David Warneke, National Head of Tax Technical at BDO South Africa
In the 2026 Budget, the Government should focus on stimulating economic growth through policy reforms and fixing and reforming, in particular, the infrastructure and logistics sectors, rather than raising additional. It is important to make South Africa a more attractive destination for investment and also ensure certainty of tax policy, to strengthen investor confidence and increase capital inflows into the country.
Stability of tax policy is important for attracting long-term investment into the economy, which would lead to meaningful economic growth.
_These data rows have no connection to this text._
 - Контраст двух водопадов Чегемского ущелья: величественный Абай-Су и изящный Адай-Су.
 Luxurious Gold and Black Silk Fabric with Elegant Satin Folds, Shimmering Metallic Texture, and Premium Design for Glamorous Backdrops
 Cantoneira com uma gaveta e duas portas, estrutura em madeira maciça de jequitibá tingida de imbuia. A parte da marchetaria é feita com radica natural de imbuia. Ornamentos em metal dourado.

But more important are fixing our ailing infrastructure and logistics networks, and various policies that unfortunately have eroded investor confidence and undermined the growth objective.
A particular focus of the Budget will continue to be measures designed to boost economic growth which, if implemented, will maintain the trajectory of increasing primary budget surpluses over the medium term. On possible tax measures, we do not expect Finance Minister Enoch Godongwana to announce any major tax hikes or the introduction of new tax instruments. It is also very unlikely that the rate of corporate income tax will be adjusted. The rate is relatively high by international standards but, given the needs of the fiscus in the short term, it is also unlikely to be lowered.
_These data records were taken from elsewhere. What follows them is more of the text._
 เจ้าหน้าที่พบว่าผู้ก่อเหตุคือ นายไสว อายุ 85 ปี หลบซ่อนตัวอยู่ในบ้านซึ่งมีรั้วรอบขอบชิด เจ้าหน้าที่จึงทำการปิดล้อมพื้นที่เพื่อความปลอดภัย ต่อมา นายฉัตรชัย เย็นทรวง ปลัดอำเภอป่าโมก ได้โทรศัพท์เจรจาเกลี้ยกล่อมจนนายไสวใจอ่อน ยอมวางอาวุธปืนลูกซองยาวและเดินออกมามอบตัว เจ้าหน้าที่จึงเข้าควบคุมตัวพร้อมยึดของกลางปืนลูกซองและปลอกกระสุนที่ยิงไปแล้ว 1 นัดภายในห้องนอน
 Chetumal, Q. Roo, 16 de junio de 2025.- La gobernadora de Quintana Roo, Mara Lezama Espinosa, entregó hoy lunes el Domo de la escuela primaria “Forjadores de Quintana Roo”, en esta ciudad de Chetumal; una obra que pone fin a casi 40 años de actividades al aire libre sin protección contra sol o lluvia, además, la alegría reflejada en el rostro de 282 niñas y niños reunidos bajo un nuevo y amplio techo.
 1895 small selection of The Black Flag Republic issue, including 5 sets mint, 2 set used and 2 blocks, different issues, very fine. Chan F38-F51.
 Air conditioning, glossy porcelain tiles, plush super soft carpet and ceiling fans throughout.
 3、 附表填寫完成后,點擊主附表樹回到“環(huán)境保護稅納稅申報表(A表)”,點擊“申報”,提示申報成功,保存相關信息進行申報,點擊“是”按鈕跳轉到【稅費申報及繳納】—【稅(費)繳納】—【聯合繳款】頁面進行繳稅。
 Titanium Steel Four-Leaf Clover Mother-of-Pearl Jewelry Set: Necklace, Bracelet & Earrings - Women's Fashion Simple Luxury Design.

The Minister had stated last year that it was possible that an additional R20 billion in tax revenue would have to be raised in the 2026/27 Budget. The soft target for collecting additional tax revenue is through ‘bracket creep’ (not adjusting tax bands and rebates for inflation). However, it was noted as far back as the 2021 Budget that South Africa has one of the highest personal income tax burdens in the world. The failure to adjust the bands and rebates for inflation over the past two years has greatly exacerbated this situation. I hope that the additional R20 billion in tax revenue will not have to be extracted: I certainly hope that full bracket creep relief will be granted this year.
There is however no possibility of much other tax relief, given subdued GDP growth and government’s borrowing costs. As things presently stand, there is not much fiscal space exists for Government to grant tax relief. Taxpayers should expect tighter compliance enforcement and that this will continue to be an increasing area of focus for the tax collector. However, the outstanding tax is proving more difficult to collect than expected, due to legal and technical complexities in collecting the debt.
On plans by SARS to impose fixed administrative penalties for trusts that fail to submit their tax returns, I believe there are many trusts which have not registered for tax and filed tax returns. Also, there are beneficiaries of these trusts that will not have included amounts received from the trust in their own taxable income, in situations in which they are required to do so. Therefore, at present it is difficult to quantify the total amount that stands to be collected in this regard.